**Exercise inputs:**
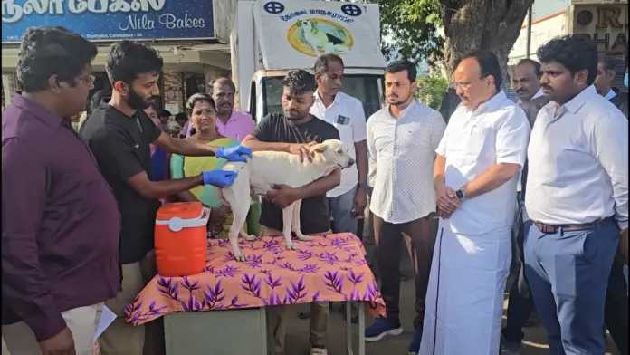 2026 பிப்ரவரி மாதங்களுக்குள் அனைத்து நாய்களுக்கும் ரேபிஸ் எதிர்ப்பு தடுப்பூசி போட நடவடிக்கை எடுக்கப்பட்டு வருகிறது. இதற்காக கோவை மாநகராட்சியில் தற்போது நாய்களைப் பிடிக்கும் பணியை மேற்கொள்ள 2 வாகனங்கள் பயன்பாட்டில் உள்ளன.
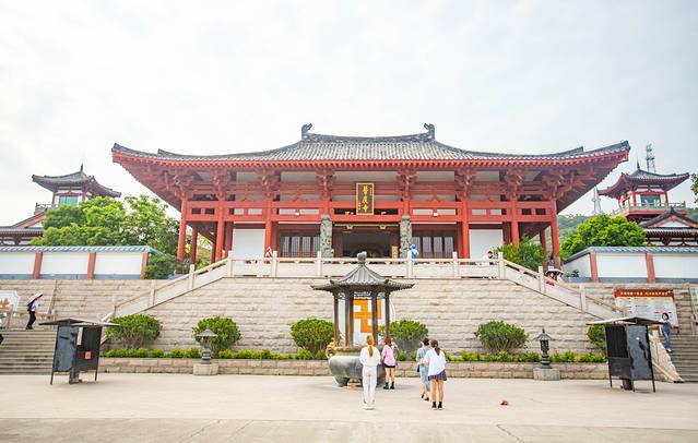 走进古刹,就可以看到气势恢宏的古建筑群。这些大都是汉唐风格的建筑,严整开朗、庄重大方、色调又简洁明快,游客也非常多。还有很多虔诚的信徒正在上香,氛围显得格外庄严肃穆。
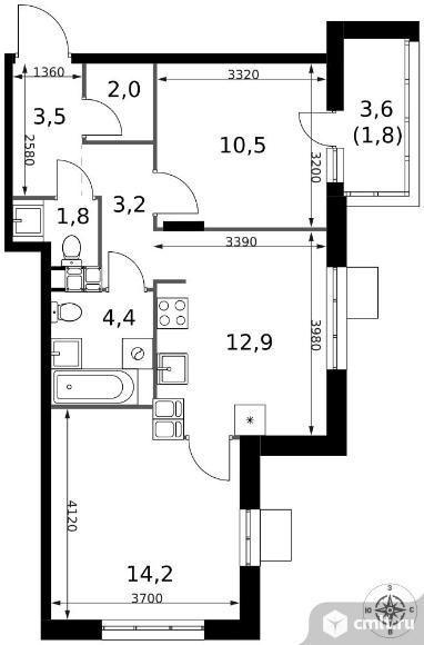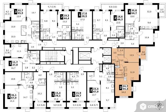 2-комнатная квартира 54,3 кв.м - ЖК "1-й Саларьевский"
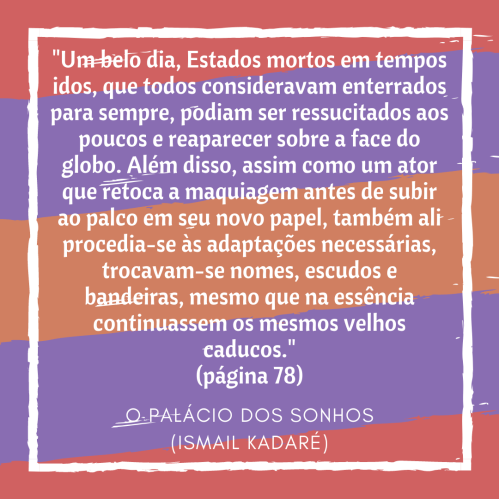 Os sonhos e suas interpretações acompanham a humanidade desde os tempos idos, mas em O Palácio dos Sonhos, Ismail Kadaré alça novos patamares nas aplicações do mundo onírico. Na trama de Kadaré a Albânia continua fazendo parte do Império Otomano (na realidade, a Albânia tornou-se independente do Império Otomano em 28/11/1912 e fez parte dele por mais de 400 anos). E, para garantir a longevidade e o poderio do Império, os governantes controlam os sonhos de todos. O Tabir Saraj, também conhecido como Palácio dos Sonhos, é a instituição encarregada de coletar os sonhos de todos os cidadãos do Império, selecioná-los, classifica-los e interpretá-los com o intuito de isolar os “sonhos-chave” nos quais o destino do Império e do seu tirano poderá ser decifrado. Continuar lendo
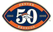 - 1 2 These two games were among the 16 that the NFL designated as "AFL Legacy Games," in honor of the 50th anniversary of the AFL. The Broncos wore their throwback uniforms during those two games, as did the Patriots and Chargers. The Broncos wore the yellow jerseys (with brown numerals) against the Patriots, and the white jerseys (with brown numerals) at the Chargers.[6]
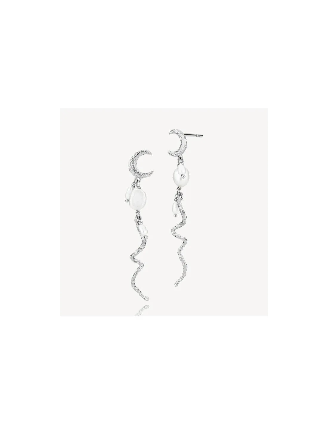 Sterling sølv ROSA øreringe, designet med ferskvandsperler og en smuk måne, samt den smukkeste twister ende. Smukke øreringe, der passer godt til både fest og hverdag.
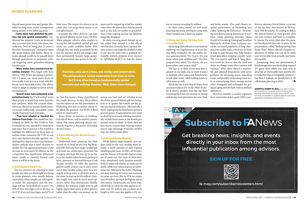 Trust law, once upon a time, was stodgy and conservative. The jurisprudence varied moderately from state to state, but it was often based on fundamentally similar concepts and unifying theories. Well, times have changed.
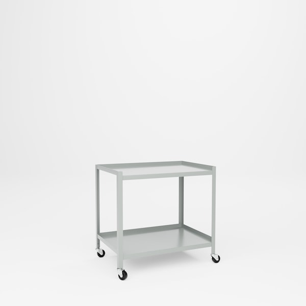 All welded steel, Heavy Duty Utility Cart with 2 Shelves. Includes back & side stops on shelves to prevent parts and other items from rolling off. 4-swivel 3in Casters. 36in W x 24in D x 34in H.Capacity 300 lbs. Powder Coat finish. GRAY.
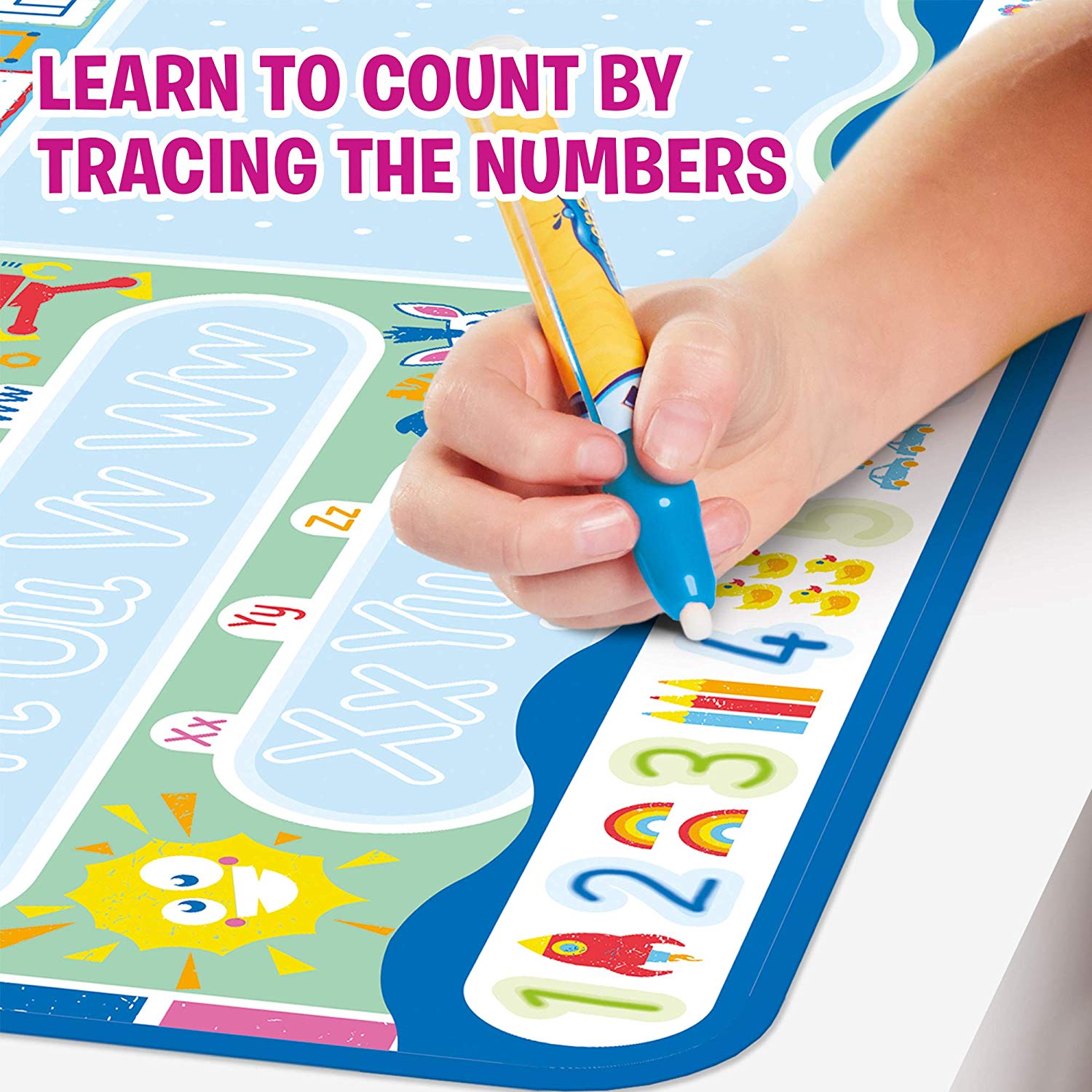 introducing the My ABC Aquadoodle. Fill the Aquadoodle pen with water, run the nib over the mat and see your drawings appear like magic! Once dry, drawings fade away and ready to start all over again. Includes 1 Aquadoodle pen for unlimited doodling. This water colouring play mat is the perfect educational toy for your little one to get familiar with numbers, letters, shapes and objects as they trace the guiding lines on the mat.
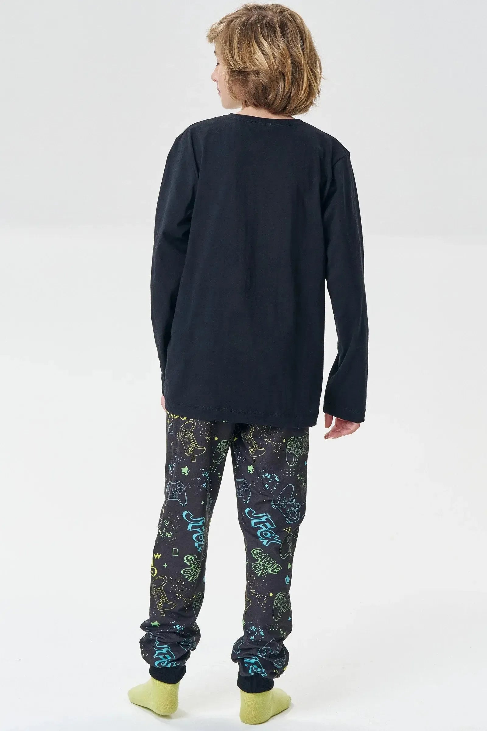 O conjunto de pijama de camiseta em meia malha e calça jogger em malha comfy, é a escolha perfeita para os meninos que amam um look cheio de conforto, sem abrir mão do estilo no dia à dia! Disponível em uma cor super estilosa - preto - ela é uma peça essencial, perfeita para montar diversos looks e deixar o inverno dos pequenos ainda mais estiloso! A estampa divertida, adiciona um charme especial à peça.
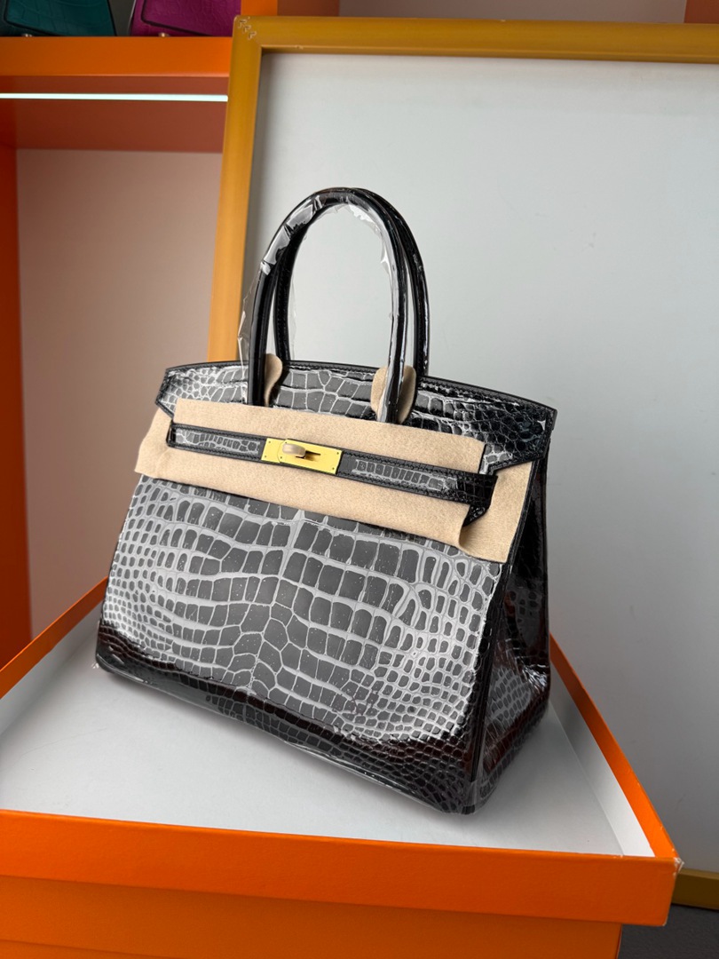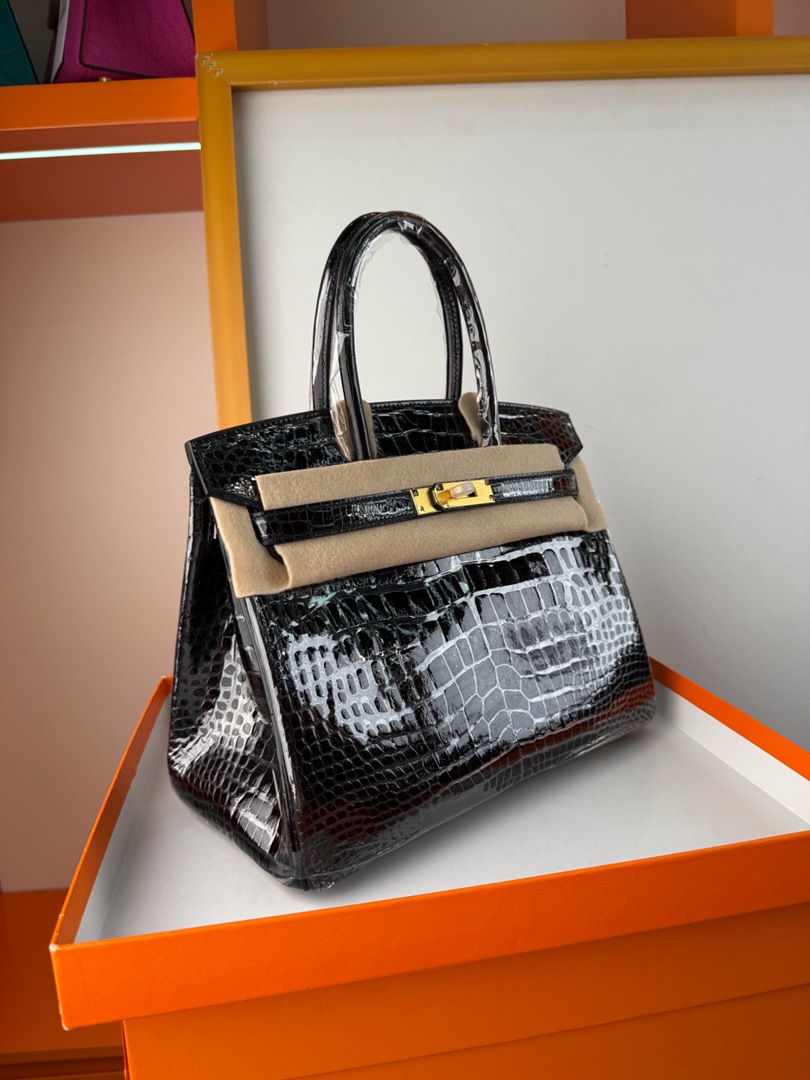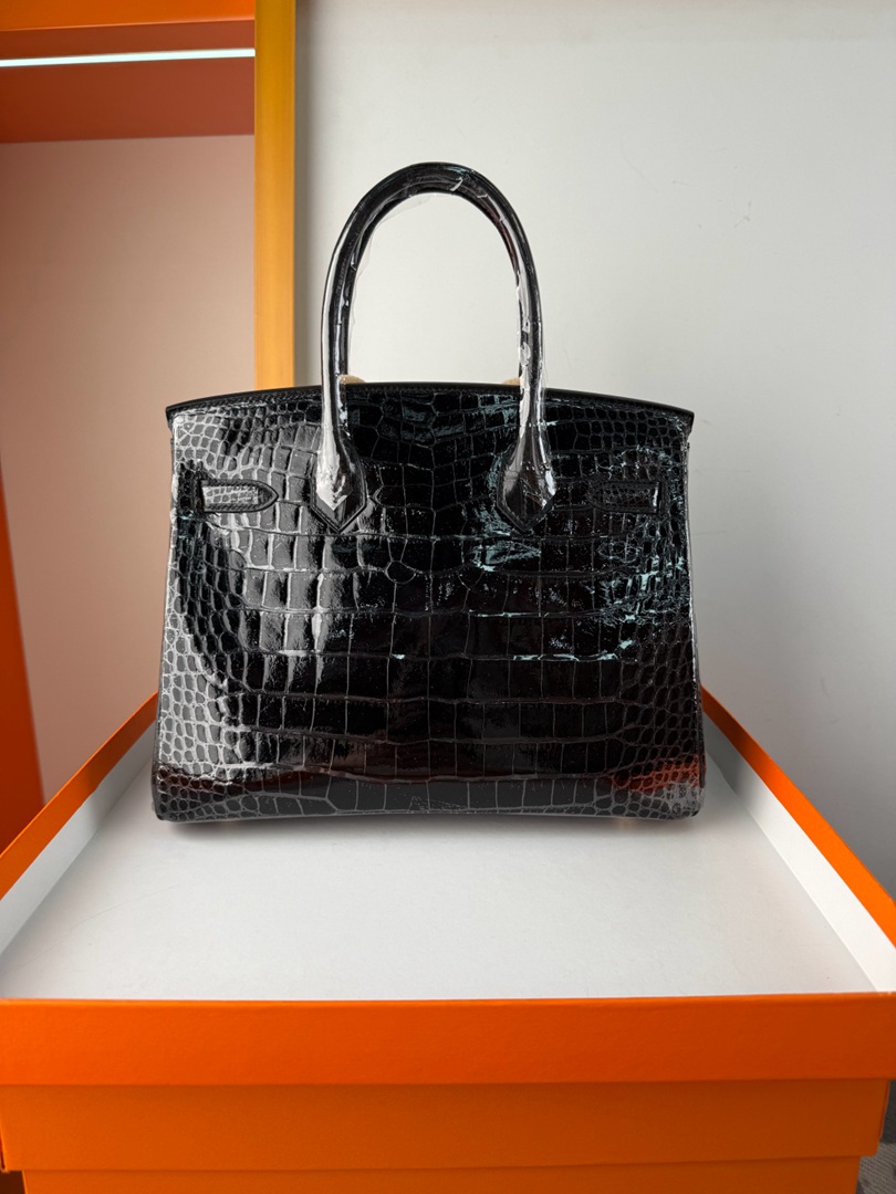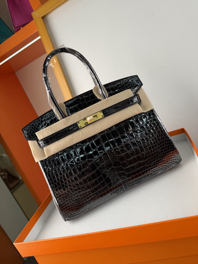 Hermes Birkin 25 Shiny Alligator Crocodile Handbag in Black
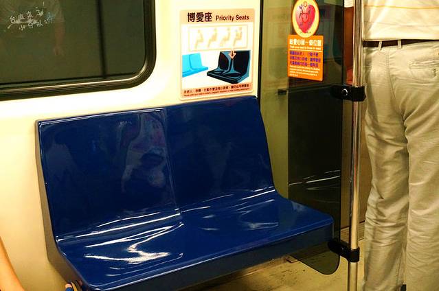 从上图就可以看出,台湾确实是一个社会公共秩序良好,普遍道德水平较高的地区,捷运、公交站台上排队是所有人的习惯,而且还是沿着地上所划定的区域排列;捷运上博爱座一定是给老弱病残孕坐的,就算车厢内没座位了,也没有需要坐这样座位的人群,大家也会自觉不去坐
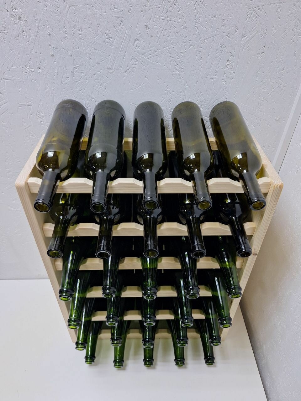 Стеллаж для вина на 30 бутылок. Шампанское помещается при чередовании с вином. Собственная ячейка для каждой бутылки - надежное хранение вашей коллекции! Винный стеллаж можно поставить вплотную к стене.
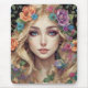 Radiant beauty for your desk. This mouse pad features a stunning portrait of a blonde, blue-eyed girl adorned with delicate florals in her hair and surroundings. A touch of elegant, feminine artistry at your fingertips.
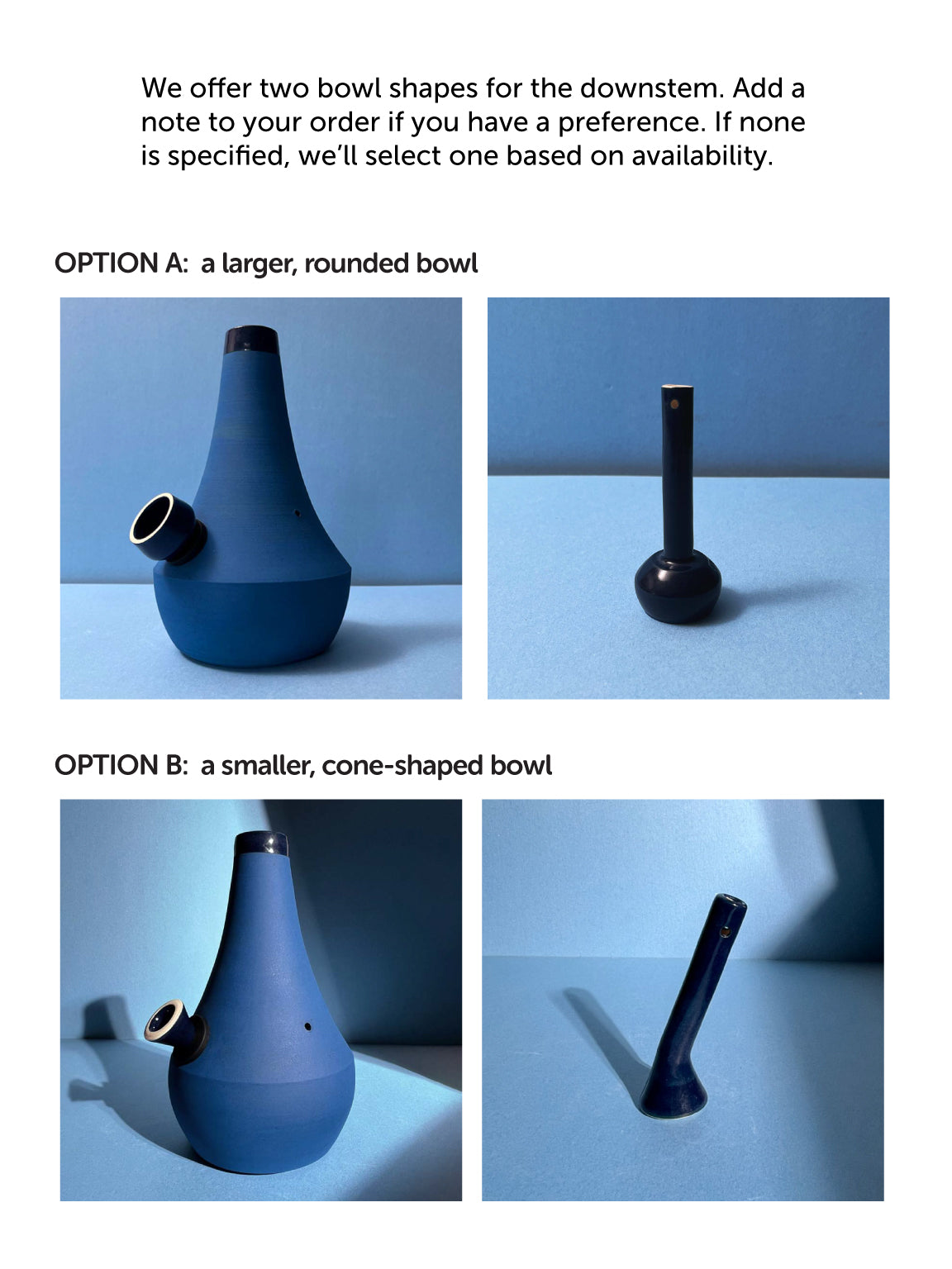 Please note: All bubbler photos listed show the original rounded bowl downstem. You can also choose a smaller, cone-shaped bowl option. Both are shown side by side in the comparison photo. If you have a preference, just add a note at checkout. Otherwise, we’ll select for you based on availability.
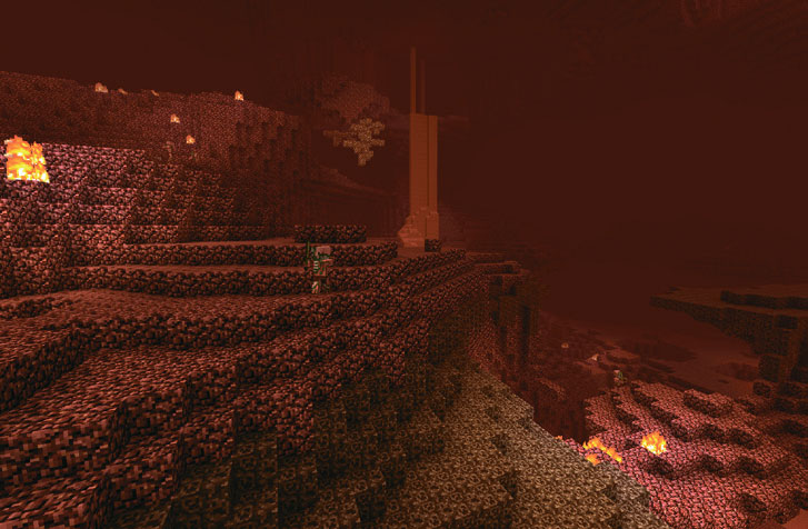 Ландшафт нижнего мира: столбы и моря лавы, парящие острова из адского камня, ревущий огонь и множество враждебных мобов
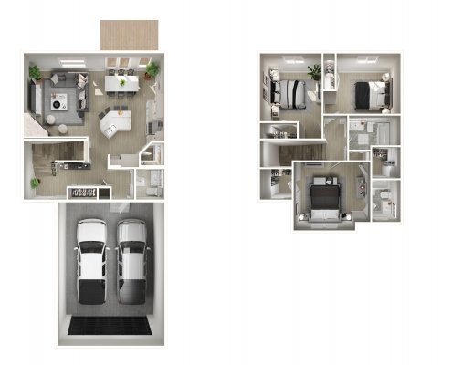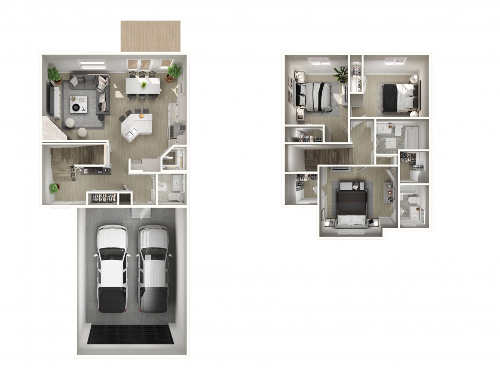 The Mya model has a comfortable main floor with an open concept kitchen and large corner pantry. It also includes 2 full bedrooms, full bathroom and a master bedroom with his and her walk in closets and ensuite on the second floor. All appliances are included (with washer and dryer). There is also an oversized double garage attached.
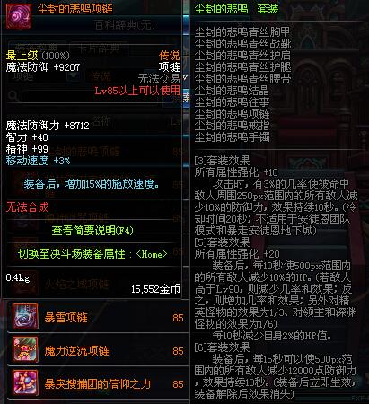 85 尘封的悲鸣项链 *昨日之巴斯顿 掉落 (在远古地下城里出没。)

**Task goal:**
Using the entries above, repeat exactly the lines from the one with "走进古刹,就可以看到气势恢宏" to the one with "2-комнатная квартира 54,3", both included, and leave the pictures behind.

**Answer section:**
 走进古刹,就可以看到气势恢宏的古建筑群。这些大都是汉唐风格的建筑,严整开朗、庄重大方、色调又简洁明快,游客也非常多。还有很多虔诚的信徒正在上香,氛围显得格外庄严肃穆。
 2-комнатная квартира 54,3 кв.м - ЖК "1-й Саларьевский"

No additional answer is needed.